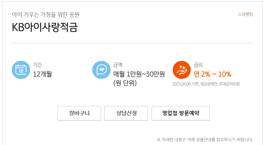 1. 국민은행(KB) - 연 10% 금리 ‘아이사랑적금’
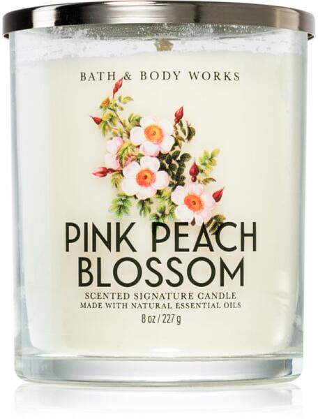 Bath & Body Works Pink Peach Blossom, 227 g, Illatgyertyák Illatok lakásba, Az otthonát csodálatos aromával illatosító Bath & Body Works Vanilla Bean illatgyertya olyan meghitt hangulatot teremt, melynek köszönhetően mindig remekül érzi majd magát. Használata: A mécsest kellően hőálló felületre helyezze. 4 óránál hosszabb ideig ne hagyja égni. Mindig vigyázzon arra
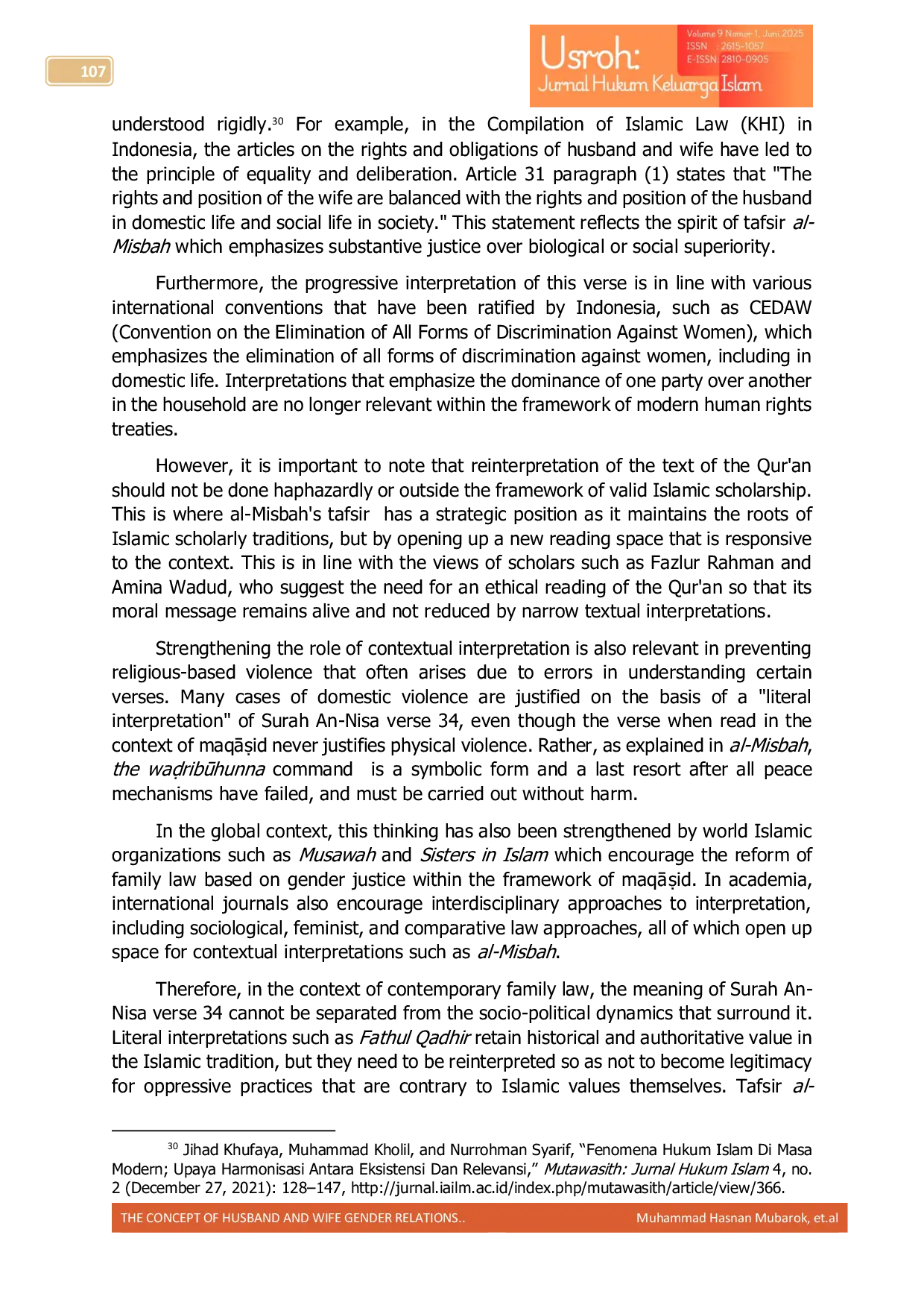 Penelitian ini menyimpulkan bahwa Tafsir al-Misbah dan Tafsir Fathul Qadhir sama-sama mengakui hak dan kewajiban suami istri dalam Surah An-Nisa ayat 34, dengan suami sebagai pemimpin dan penanggung nafkah, serta istri berperan dalam menjaga keharmonisan dan ketaatan.Tafsir al-Misbah menawarkan perspektif kontekstual dan fleksibel yang menekankan keadilan dan kasih sayang, sedangkan Tafsir Fathul Qadhir mempertahankan pendekatan literal dan tradisional yang berakar pada norma patriarkal.Dengan demikian, pendekatan kontekstual seperti yang diusung Al-Misbah lebih relevan untuk menjawab tantangan keluarga Muslim modern tanpa mengabaikan prinsip syariat Islam, sekaligus mendorong tafsir yang responsif demi mewujudkan hukum keluarga yang adil dan harmonis.

# Exercise
Transcribe every line of the data exactly. No pictures go in the copy.

# Result of this task
 1. 국민은행(KB) - 연 10% 금리 ‘아이사랑적금’
 Bath & Body Works Pink Peach Blossom, 227 g, Illatgyertyák Illatok lakásba, Az otthonát csodálatos aromával illatosító Bath & Body Works Vanilla Bean illatgyertya olyan meghitt hangulatot teremt, melynek köszönhetően mindig remekül érzi majd magát. Használata: A mécsest kellően hőálló felületre helyezze. 4 óránál hosszabb ideig ne hagyja égni. Mindig vigyázzon arra
 Penelitian ini menyimpulkan bahwa Tafsir al-Misbah dan Tafsir Fathul Qadhir sama-sama mengakui hak dan kewajiban suami istri dalam Surah An-Nisa ayat 34, dengan suami sebagai pemimpin dan penanggung nafkah, serta istri berperan dalam menjaga keharmonisan dan ketaatan.Tafsir al-Misbah menawarkan perspektif kontekstual dan fleksibel yang menekankan keadilan dan kasih sayang, sedangkan Tafsir Fathul Qadhir mempertahankan pendekatan literal dan tradisional yang berakar pada norma patriarkal.Dengan demikian, pendekatan kontekstual seperti yang diusung Al-Misbah lebih relevan untuk menjawab tantangan keluarga Muslim modern tanpa mengabaikan prinsip syariat Islam, sekaligus mendorong tafsir yang responsif demi mewujudkan hukum keluarga yang adil dan harmonis.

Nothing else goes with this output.